▸ **Material supplied**

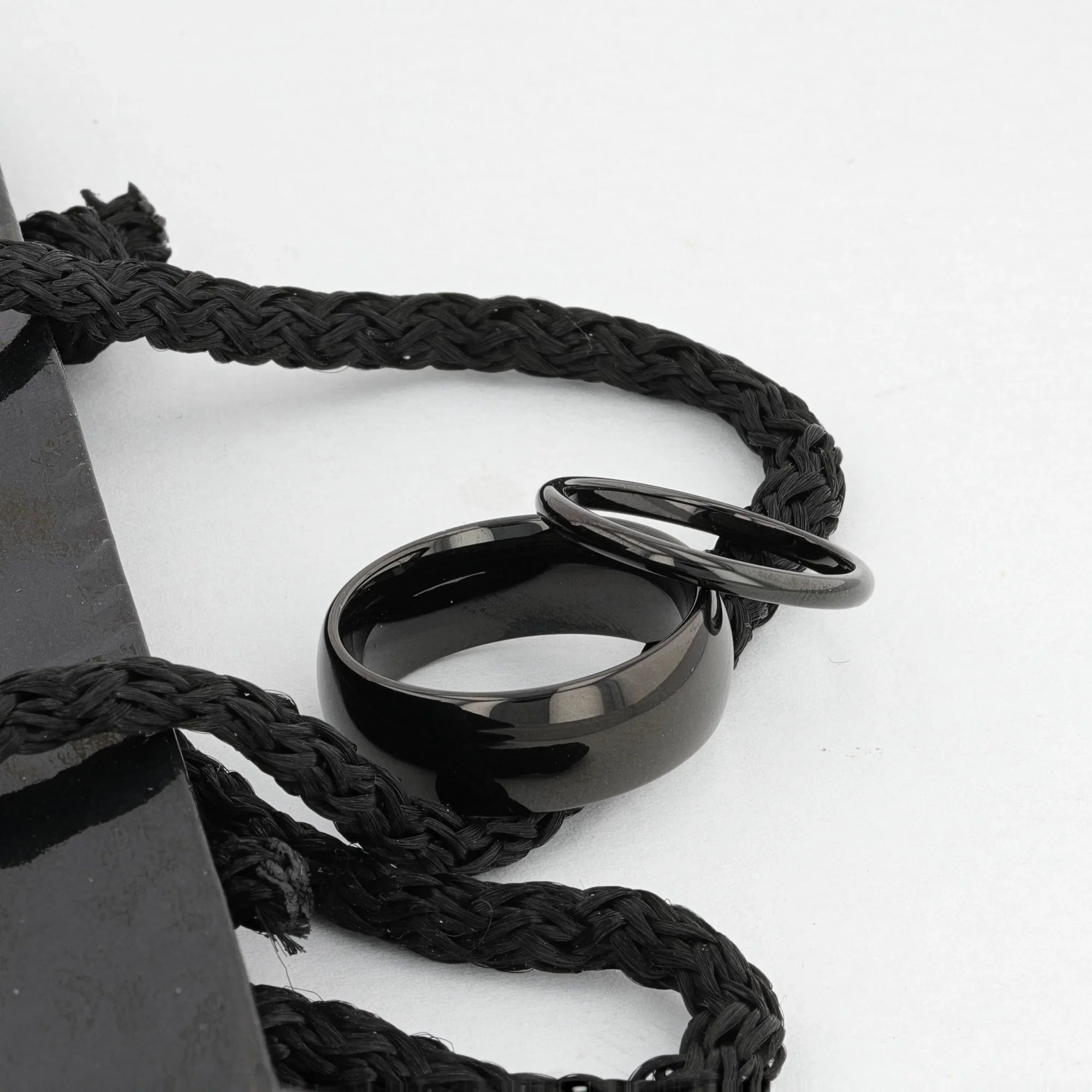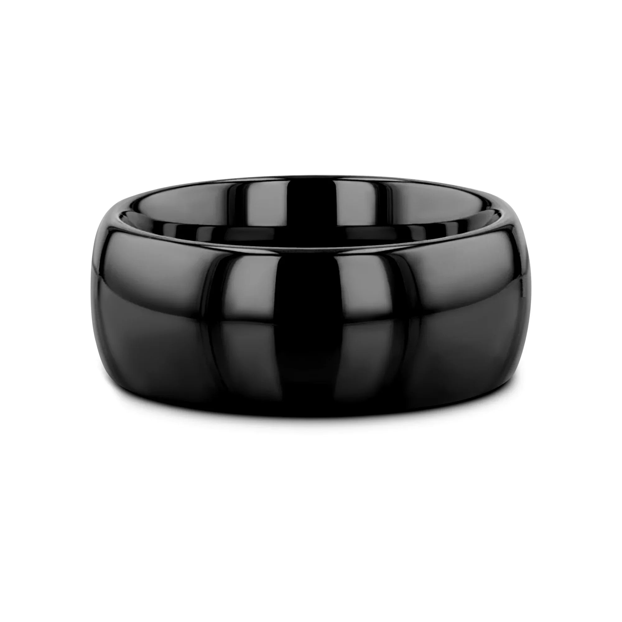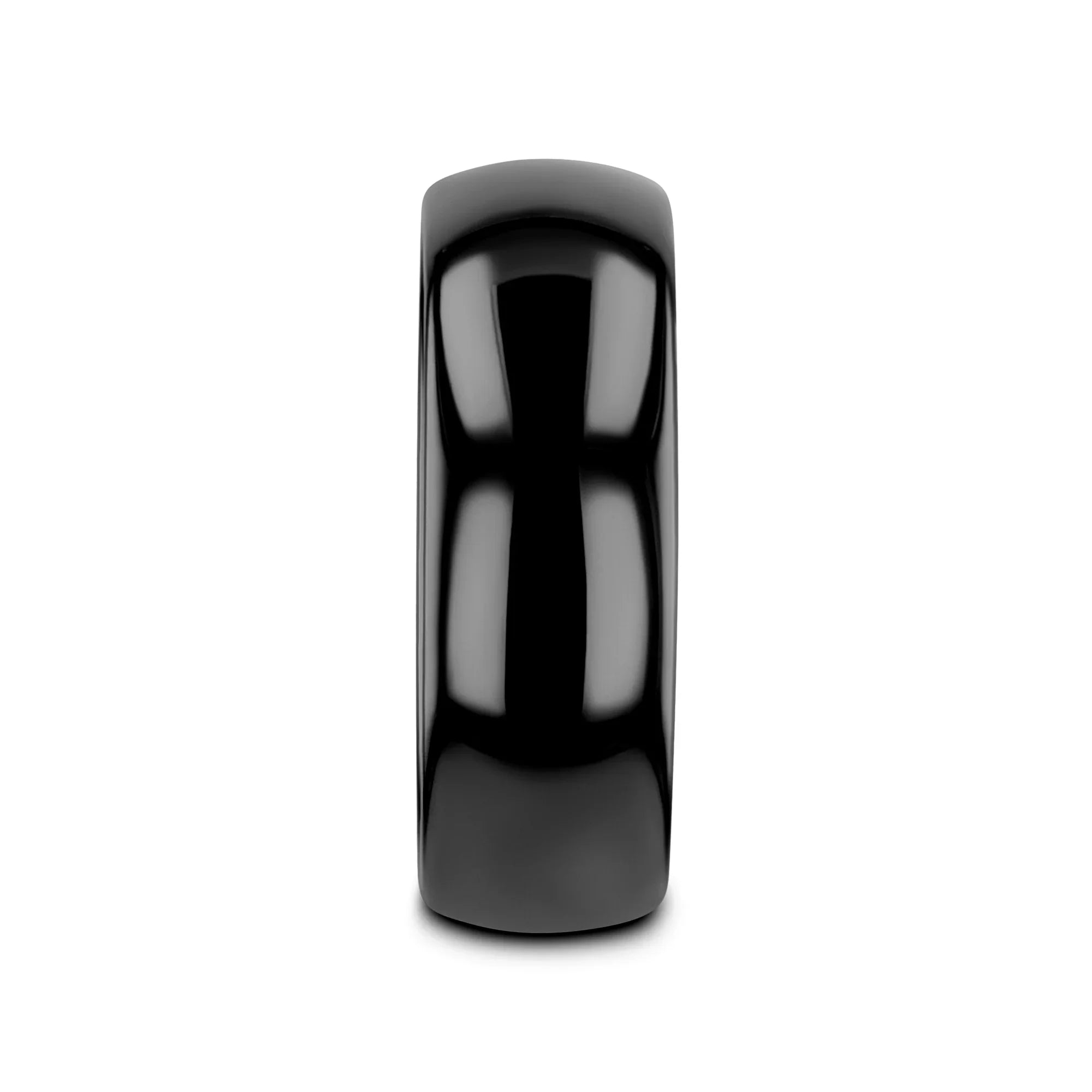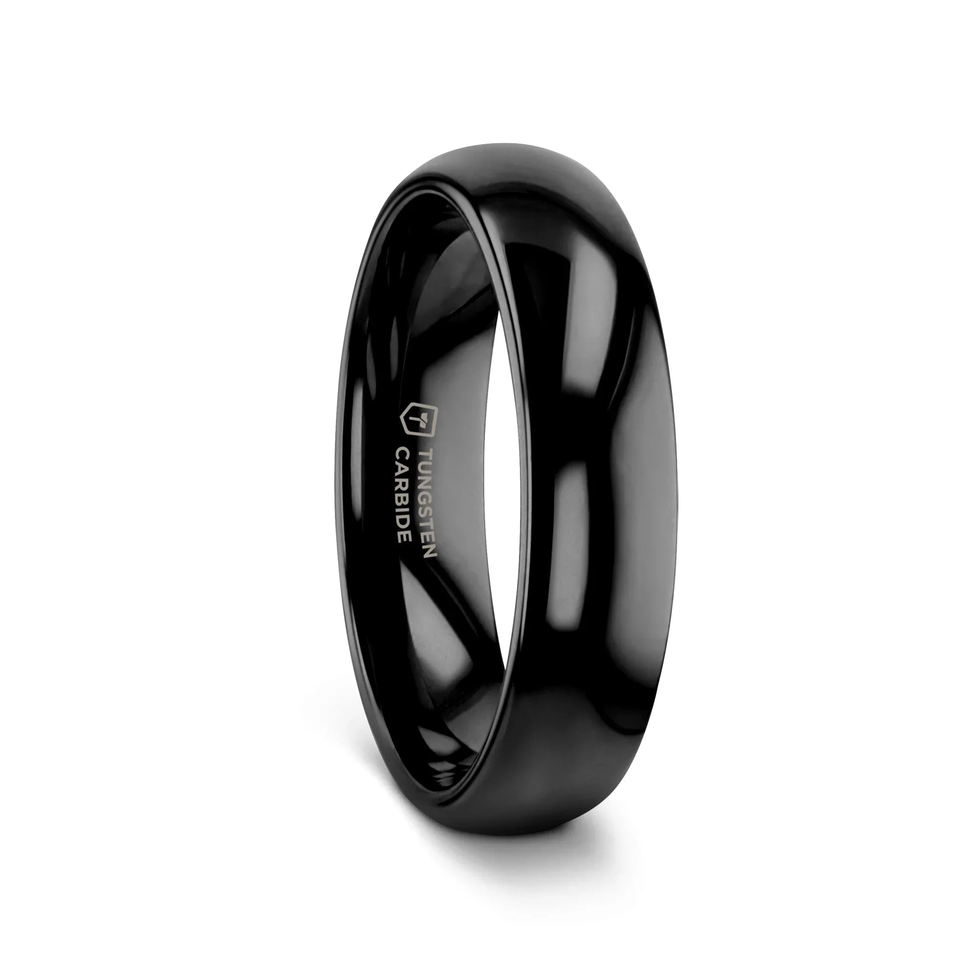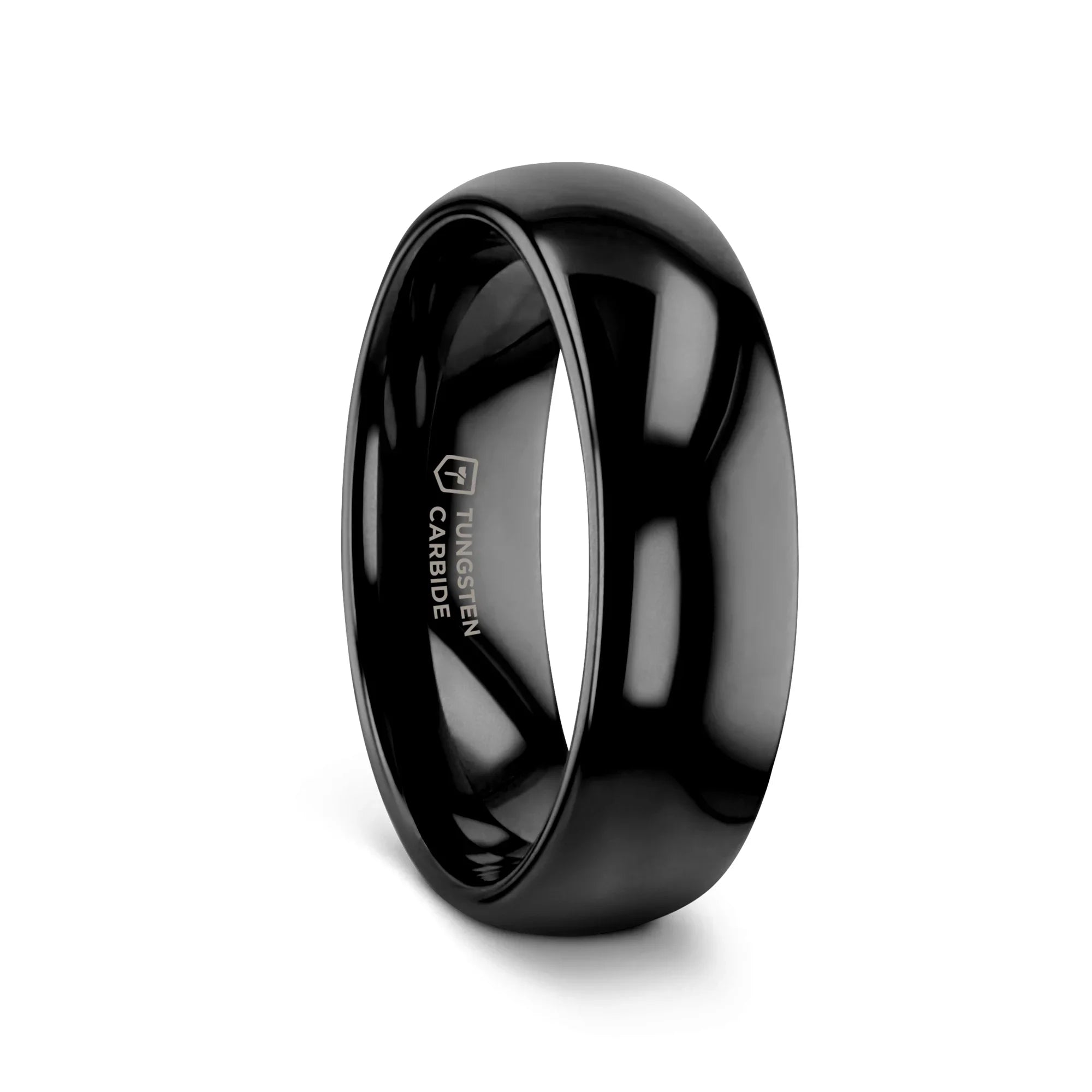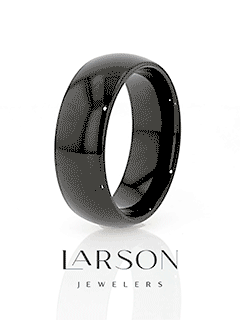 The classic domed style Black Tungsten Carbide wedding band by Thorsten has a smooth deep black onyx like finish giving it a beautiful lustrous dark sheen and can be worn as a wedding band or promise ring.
* * *
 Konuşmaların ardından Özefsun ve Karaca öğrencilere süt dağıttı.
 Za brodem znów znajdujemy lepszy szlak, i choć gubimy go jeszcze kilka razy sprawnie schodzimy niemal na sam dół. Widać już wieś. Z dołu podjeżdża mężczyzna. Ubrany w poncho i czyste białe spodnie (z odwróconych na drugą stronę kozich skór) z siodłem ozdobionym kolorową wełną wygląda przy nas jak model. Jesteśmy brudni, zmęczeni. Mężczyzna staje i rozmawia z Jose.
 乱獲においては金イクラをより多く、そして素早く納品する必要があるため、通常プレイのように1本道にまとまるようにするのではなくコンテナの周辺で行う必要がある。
---
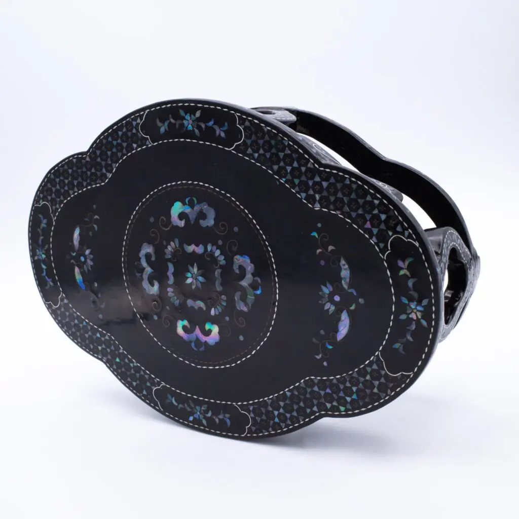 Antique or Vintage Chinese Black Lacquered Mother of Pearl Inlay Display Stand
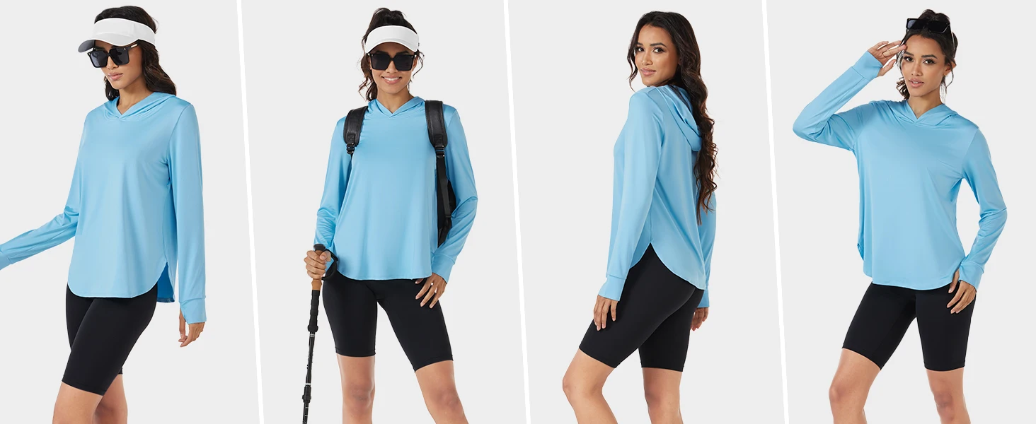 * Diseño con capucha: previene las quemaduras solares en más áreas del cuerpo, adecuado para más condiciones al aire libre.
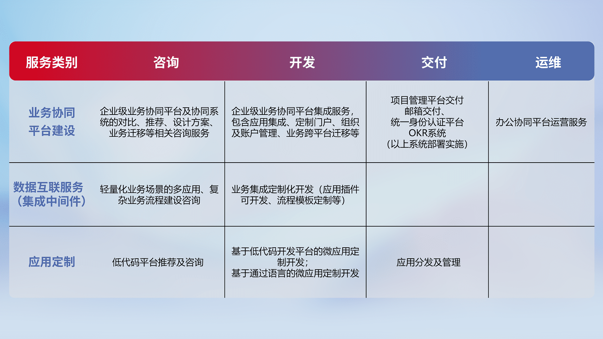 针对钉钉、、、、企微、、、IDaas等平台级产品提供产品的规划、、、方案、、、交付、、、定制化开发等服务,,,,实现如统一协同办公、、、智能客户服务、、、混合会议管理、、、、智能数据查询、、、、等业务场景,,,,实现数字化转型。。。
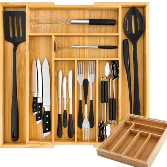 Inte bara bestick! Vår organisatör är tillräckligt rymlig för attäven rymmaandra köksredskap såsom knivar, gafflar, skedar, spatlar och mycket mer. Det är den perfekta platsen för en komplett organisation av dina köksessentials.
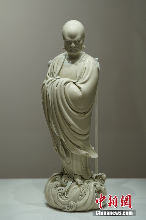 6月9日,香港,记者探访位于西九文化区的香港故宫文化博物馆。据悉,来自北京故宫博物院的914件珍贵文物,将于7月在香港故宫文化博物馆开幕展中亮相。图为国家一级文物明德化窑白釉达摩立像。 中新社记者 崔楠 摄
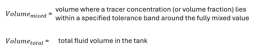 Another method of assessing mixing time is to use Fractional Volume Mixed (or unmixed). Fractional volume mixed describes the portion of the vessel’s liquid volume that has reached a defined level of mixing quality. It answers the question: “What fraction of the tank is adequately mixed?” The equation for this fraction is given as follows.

▸ **Prompt**
From the data above, output only the lines between the line containing "Konuşmaların ardından Özefsun" and the line containing "乱獲においては金イクラをより", inclusive, exactly as written.

▸ **Solution**
 Konuşmaların ardından Özefsun ve Karaca öğrencilere süt dağıttı.
 Za brodem znów znajdujemy lepszy szlak, i choć gubimy go jeszcze kilka razy sprawnie schodzimy niemal na sam dół. Widać już wieś. Z dołu podjeżdża mężczyzna. Ubrany w poncho i czyste białe spodnie (z odwróconych na drugą stronę kozich skór) z siodłem ozdobionym kolorową wełną wygląda przy nas jak model. Jesteśmy brudni, zmęczeni. Mężczyzna staje i rozmawia z Jose.
 乱獲においては金イクラをより多く、そして素早く納品する必要があるため、通常プレイのように1本道にまとまるようにするのではなくコンテナの周辺で行う必要がある。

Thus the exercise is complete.